PROMPT:
Take every line from the material that has the word "style" in it.

*** EXERCISE MATERIALS ***

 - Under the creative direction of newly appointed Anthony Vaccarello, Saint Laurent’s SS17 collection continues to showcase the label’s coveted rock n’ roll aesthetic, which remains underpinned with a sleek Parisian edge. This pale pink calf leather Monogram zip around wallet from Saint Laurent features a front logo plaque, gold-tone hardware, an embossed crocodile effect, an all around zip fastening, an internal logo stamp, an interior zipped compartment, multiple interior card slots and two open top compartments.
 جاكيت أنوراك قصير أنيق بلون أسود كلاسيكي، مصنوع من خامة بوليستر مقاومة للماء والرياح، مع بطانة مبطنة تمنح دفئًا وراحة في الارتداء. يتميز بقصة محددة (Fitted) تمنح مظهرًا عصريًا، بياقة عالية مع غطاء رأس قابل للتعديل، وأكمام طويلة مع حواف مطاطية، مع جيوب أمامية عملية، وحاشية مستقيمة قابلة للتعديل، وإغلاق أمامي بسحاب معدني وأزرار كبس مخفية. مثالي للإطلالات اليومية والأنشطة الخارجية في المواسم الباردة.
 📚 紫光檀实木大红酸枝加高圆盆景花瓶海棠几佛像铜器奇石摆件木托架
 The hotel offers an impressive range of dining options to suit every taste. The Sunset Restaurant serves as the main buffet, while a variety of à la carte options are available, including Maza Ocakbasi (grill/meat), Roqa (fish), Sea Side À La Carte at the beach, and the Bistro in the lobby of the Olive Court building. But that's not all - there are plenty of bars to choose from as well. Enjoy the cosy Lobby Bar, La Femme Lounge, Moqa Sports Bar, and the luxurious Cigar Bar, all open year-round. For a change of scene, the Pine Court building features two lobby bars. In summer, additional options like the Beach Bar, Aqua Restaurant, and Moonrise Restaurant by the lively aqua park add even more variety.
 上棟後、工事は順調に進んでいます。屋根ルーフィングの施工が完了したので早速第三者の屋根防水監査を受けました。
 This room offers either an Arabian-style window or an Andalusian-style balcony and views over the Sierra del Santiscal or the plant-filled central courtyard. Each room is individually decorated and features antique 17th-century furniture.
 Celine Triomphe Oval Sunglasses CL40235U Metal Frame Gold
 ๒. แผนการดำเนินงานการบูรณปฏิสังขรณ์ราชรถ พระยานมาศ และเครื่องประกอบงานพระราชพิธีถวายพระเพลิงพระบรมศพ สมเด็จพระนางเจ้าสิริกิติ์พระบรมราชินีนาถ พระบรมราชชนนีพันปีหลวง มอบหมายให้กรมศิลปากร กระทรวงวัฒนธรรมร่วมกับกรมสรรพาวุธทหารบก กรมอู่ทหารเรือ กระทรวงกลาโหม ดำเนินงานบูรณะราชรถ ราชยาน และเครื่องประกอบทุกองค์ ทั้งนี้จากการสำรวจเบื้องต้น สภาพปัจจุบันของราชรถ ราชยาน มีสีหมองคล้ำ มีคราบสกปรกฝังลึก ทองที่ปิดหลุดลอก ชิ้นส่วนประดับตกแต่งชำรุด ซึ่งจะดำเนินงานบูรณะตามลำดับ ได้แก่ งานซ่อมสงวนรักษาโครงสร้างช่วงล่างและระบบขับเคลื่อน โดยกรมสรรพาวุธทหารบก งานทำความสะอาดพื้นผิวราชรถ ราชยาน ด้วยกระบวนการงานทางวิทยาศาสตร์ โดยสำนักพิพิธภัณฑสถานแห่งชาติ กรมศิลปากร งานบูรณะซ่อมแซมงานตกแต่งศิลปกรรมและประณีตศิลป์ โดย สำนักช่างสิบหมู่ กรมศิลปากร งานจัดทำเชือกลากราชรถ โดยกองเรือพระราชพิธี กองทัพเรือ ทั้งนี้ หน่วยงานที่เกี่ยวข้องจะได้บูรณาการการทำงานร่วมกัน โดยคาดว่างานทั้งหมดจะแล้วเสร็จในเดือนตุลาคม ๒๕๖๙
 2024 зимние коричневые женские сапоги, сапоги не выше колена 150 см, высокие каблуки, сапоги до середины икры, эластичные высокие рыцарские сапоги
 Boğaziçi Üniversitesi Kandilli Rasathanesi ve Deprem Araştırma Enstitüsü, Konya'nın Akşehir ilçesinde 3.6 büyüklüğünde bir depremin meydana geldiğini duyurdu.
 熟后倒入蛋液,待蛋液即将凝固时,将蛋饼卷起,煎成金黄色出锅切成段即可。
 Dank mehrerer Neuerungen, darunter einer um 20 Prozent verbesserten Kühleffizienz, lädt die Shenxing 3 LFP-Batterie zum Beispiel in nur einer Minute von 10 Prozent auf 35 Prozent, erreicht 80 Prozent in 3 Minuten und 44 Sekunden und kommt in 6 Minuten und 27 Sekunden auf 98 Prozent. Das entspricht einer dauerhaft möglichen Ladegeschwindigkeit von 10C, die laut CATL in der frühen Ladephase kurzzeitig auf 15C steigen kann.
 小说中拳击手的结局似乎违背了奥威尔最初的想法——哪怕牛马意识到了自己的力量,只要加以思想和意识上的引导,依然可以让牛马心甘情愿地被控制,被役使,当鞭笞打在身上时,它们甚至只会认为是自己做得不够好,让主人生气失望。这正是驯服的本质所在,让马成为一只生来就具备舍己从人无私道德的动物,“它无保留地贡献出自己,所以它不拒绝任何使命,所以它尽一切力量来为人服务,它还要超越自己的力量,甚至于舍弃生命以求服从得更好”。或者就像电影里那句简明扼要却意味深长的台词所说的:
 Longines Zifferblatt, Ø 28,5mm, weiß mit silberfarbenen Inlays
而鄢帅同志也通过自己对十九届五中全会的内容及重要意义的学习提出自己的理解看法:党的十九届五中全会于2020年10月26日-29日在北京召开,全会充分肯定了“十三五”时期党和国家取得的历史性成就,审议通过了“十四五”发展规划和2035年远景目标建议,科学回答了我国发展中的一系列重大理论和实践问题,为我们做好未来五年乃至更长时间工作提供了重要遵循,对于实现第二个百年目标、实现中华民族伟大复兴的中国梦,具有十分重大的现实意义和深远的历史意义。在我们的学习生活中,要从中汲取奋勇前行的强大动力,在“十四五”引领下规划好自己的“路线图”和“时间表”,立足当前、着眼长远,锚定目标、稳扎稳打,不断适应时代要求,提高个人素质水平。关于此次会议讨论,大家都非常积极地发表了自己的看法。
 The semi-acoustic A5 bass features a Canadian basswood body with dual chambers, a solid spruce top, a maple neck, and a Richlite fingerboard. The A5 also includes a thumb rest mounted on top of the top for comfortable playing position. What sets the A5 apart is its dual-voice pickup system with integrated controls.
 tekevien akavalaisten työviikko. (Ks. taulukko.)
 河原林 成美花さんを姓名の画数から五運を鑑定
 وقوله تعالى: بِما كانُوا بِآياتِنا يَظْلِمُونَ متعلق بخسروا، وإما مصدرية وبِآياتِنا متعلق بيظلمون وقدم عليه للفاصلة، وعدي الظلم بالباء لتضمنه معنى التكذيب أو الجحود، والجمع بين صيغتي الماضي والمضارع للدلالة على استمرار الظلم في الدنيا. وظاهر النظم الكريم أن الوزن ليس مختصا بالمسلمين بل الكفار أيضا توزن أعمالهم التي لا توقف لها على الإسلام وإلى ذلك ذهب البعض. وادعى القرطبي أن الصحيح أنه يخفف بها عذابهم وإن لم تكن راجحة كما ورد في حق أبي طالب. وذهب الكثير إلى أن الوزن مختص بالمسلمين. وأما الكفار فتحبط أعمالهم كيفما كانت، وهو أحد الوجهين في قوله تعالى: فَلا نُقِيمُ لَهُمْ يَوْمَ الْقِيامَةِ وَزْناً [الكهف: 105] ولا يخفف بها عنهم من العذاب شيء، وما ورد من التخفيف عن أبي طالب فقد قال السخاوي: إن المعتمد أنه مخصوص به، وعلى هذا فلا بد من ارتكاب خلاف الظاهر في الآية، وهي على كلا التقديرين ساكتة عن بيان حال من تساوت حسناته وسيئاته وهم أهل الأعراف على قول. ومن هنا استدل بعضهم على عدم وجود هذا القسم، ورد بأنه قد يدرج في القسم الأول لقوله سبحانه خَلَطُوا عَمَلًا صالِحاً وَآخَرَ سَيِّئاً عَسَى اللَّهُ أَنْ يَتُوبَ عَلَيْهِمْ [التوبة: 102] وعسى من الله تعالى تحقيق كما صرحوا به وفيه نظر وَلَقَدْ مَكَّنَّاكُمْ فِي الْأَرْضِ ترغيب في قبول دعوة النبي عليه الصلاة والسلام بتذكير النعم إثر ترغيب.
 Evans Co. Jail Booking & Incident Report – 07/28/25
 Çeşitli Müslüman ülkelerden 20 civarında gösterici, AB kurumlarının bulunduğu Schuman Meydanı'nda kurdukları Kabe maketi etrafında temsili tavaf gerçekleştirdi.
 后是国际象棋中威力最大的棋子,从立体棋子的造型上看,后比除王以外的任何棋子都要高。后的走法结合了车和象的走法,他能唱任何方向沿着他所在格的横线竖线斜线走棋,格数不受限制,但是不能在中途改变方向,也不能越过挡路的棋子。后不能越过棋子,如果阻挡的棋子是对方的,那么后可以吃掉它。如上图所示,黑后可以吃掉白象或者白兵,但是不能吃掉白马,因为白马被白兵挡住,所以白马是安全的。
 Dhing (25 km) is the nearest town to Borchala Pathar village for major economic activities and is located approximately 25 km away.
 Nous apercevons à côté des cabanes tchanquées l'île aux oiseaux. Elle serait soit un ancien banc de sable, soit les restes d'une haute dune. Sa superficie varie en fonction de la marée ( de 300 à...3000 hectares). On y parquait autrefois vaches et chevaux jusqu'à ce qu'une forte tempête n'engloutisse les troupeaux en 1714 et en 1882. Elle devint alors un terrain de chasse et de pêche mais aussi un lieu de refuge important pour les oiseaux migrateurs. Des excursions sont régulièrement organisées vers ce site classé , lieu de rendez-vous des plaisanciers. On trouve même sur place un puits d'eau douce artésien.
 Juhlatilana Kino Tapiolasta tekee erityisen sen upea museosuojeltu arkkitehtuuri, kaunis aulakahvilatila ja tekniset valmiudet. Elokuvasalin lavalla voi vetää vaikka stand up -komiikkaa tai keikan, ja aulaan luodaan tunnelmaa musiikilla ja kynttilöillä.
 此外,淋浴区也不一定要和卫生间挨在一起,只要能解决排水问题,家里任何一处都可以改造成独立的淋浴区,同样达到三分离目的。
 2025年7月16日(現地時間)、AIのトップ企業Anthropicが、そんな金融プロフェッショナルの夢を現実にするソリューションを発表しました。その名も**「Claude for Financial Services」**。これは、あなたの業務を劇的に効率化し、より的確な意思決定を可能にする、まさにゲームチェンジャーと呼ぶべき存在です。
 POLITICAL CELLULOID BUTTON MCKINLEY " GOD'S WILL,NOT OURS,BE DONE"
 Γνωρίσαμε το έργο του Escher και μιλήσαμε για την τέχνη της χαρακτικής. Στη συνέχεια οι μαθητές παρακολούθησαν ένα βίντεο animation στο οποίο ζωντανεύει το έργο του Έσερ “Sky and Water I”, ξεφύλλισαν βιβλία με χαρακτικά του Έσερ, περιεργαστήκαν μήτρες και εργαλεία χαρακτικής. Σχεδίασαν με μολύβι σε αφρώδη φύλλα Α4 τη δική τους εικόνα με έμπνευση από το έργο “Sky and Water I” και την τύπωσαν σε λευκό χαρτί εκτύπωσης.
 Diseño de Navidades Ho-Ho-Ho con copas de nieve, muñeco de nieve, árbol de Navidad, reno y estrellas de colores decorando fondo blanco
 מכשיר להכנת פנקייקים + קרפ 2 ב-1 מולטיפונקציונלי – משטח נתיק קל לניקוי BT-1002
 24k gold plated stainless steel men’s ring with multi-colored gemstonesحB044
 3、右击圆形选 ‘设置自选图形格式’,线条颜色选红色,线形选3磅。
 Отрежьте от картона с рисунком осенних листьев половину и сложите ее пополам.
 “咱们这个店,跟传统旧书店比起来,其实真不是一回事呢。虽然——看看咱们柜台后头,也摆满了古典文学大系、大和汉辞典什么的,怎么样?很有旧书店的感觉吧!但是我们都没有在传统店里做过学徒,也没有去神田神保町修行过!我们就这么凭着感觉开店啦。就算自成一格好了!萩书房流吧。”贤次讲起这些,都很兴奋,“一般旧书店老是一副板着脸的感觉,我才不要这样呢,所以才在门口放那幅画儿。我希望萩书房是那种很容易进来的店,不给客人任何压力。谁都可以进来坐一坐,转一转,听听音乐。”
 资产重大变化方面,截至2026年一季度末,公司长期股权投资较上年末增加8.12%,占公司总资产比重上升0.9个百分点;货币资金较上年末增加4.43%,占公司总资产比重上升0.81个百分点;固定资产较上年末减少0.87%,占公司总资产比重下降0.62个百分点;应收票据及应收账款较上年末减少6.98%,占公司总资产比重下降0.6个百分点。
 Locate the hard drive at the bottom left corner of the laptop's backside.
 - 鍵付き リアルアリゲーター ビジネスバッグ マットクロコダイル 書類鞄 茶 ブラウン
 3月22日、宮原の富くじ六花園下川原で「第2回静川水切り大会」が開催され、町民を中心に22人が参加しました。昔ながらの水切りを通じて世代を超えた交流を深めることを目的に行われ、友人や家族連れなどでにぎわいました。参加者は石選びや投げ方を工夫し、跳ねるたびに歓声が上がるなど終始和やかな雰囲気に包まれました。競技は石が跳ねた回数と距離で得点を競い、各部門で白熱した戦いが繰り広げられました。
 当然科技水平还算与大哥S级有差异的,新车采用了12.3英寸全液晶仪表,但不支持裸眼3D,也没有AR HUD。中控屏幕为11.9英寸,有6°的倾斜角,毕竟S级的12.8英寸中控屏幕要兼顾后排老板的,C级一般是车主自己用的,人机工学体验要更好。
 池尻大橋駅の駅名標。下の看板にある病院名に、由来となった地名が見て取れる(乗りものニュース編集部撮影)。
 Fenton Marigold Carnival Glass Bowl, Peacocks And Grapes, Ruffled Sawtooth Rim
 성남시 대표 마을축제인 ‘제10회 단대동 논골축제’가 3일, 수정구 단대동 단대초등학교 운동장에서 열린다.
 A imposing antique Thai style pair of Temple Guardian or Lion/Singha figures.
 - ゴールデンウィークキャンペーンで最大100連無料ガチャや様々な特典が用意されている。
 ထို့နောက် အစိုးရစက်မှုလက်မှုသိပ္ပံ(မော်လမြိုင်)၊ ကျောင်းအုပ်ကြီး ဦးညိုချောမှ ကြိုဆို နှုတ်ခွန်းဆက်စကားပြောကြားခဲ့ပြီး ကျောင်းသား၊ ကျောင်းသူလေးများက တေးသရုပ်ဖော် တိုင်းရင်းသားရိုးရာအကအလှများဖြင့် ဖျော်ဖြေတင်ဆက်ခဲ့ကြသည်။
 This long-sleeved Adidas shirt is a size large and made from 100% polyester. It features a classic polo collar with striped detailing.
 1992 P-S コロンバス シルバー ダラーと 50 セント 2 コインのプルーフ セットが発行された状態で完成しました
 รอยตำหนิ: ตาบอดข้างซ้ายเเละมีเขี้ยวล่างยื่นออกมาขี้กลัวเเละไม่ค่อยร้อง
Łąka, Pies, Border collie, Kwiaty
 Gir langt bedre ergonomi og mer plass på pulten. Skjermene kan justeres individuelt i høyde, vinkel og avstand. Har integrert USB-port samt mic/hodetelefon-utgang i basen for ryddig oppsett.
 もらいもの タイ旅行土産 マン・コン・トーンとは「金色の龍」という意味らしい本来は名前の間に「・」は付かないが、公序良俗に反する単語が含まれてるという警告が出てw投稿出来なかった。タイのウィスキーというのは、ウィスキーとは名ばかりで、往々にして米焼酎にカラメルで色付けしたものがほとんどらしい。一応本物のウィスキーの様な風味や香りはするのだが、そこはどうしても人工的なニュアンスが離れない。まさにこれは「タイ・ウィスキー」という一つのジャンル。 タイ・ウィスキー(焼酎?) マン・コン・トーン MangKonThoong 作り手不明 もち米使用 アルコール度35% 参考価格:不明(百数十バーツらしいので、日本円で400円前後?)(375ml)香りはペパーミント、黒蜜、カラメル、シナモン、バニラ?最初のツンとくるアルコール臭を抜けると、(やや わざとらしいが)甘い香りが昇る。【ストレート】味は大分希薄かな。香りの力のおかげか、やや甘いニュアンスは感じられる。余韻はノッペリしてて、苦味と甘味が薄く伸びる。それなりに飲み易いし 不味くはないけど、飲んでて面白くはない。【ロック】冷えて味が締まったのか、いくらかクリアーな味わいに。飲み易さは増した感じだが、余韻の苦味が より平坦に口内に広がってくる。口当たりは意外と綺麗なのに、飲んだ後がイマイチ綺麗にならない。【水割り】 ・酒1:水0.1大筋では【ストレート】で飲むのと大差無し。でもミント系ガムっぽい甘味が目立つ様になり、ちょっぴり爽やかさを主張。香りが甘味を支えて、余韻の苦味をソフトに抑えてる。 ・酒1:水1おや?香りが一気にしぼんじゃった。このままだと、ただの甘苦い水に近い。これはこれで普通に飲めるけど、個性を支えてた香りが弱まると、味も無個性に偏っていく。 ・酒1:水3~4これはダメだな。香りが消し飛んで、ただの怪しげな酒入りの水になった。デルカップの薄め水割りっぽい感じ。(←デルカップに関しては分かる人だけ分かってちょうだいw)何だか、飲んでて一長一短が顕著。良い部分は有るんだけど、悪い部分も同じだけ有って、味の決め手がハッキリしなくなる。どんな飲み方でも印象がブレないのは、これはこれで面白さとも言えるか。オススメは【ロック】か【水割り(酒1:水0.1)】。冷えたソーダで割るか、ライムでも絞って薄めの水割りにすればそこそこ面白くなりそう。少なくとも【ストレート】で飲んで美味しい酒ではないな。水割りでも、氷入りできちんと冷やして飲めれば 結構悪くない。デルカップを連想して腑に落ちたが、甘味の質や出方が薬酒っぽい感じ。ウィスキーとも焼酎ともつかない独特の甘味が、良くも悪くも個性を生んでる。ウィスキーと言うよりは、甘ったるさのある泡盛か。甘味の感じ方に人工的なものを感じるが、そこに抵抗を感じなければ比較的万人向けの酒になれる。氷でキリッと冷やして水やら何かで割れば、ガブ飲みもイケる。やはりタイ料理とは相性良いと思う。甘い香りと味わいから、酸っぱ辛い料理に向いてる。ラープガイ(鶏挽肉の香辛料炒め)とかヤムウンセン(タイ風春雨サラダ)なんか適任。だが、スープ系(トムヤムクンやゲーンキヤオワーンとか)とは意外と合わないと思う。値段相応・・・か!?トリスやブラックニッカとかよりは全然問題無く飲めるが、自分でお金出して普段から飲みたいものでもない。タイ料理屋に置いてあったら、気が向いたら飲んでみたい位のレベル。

***

ANSWER BOX:
 This room offers either an Arabian-style window or an Andalusian-style balcony and views over the Sierra del Santiscal or the plant-filled central courtyard. Each room is individually decorated and features antique 17th-century furniture.
 A imposing antique Thai style pair of Temple Guardian or Lion/Singha figures.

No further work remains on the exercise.